Существенным отличием континентального прецедента от англосаксонского является то, что последний может быть создан одним судебным решением, в то время как континентальный прецедент создается благодаря появлению ряда судебных решений [5, с.1165], т.е. возникает если не в результате консенсуса [6, с.28 ], то во всяком случае вследствие восприятия правовой позиции значительной частью юридического сообщества.

При этом в странах обеих правовых семей существует и общий для них вид прецедента - так называемый убедительный прецедент (persuasive precedent): отдельные судебные решения, которые сами по себе не создают прецедента ни в англосаксонском, ни в континентальном смысле, тем не менее, учитывая авторитетность суда, который их принял, существенно влияют на практику других судов, хотя и не являются обязательными для них.

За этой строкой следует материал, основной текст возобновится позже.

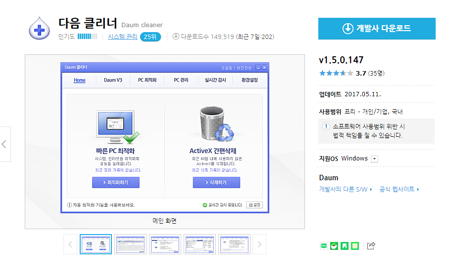 안철수연구소의 V3 엔진을 그대로 이용한 Daum V3 백신 클리너를 사용합니다.
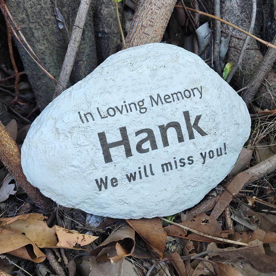 Features: 1. All content is customizable, Laser engraved, will last forever. 2. A realistically shaped artificial rockery stone is perfect for anywhere outside, by the walkway, on the lawn, under a tree, etc. 3. Measurement: Size 8 inches (Long)×2.5 inches (Wide)×4.5 inches (Hight), Weight 0.75 pounds. 4. Material: Made of resin, hand-carved and painted, hard to be damaged, suitable for indoors and outdoors. 5. No need to worry about damage during transportation,nice gift choice. 6. This is a magical stone, it can be a memorial stone, an encouragement stone, or a welcome stone, a decorative stone, grave marker, cemetery decoration stone. Use your imagination to let this stone convey emotions for you. 7. These memorial garden stones can be special gifts such as christmas gifts, birthday gifts, housewarming gift, mourning gift, memorial gifts for friend and family, gifts for brother and sister, gifts for mom and dad, gifts for grandfather and grandmother, anniversary gift, garden lover gift, Thanksgiving gifts, Christmas etc. Or loss of cat dog pet sympathy gifts, help a sad friend or lover to remember their loved one, express sympathy, comfort, remembrance, healing.
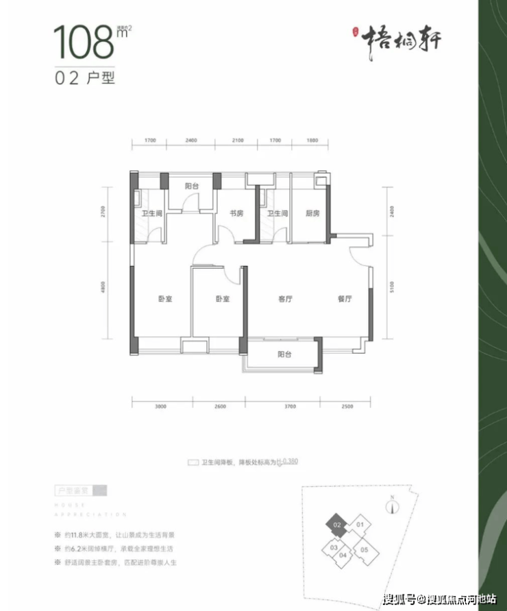 108㎡的4房2厅2卫,设计的横厅南北通透格局,客餐厅6.2米宽。
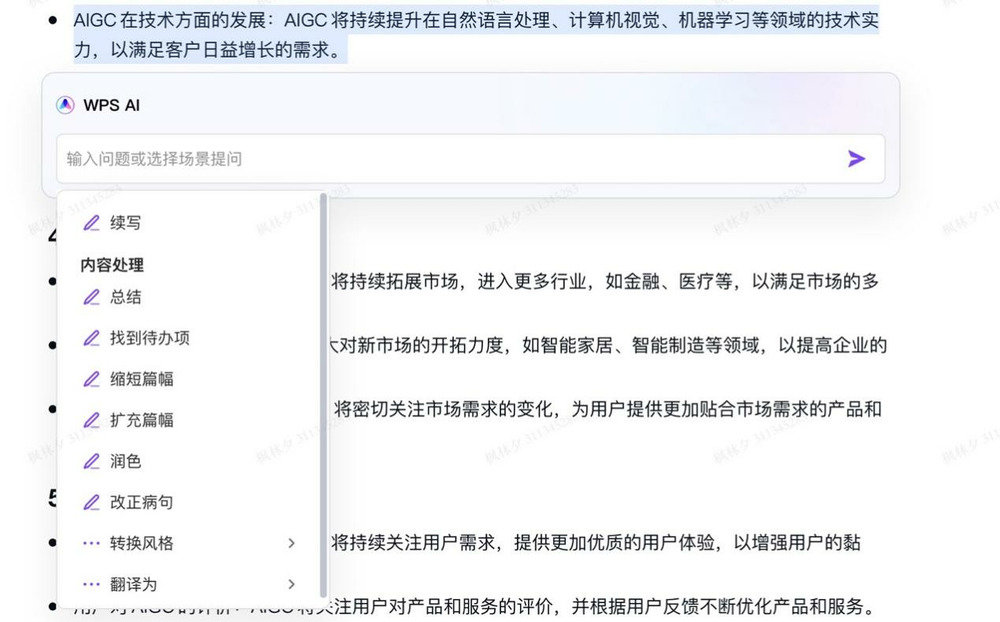 除此之外,让人眼前一亮的是,如果用户对某一部分的文本内容不满意,可选中文本后点击右键,即可召唤出功能列表,列表中的“缩短篇幅”“扩充篇幅”“润色”“改正病句”“转换风格”等功能,可作为文章再加工的解决方案。

В том числе убедительный прецедент может создаваться и решением иностранного суда и влиять на практику национального суда, что особенно распространено в странах общего права. В странах континентального права убедительными прецедентами являются отдельные решения высших судов, которые создают основу для дальнейшего формирования устоявшейся судебной практики. Трудно переоценить и роль убедительного прецедента при применении международных договоров различными национальными судами, где англосаксонский прецедент не применяется и не может применяться для осуществления судебного правотворчества [7, с.882]. В настоящее время среди ученых широко распространенной [8, с.549] является точка зрения, афористично сформулированная лордом Денингом (Alfred Denning) в деле Trendtex Trading Corporation Ltd v Central Bank of Nigeria [1977] QB529: «международное право не знает stare decisis». Поэтому применение убедительных прецедентов, а также их модификация или отклонение от них в других убедительных прецедентах становятся первыми шагами перед тем, как роль судебных решений по таким делам становится схожей с ролью судебных решений согласно доктрине jurisprudence constante [9, с.196; 10, с.479].

Обратимся теперь к опыту Англии, которая входит в состав Великобритании, являющейся участником Конвенции, и где действует англосаксонский прецедент, причем согласно доктрине stare decisis в ее более жесткой модификации. На первый взгляд может показаться, что прецедент ЕСПЧ должен восприниматься в Англии именно как англосаксонский прецедент, причем должен занимать в иерархии прецедентов высшую ступень. Ничего подобного, однако, не наблюдается. Как раз наоборот: в случае конфликта между прецедентом ЕСПЧ и прецедентом высшей судебной инстанции Англии применяется последний [11].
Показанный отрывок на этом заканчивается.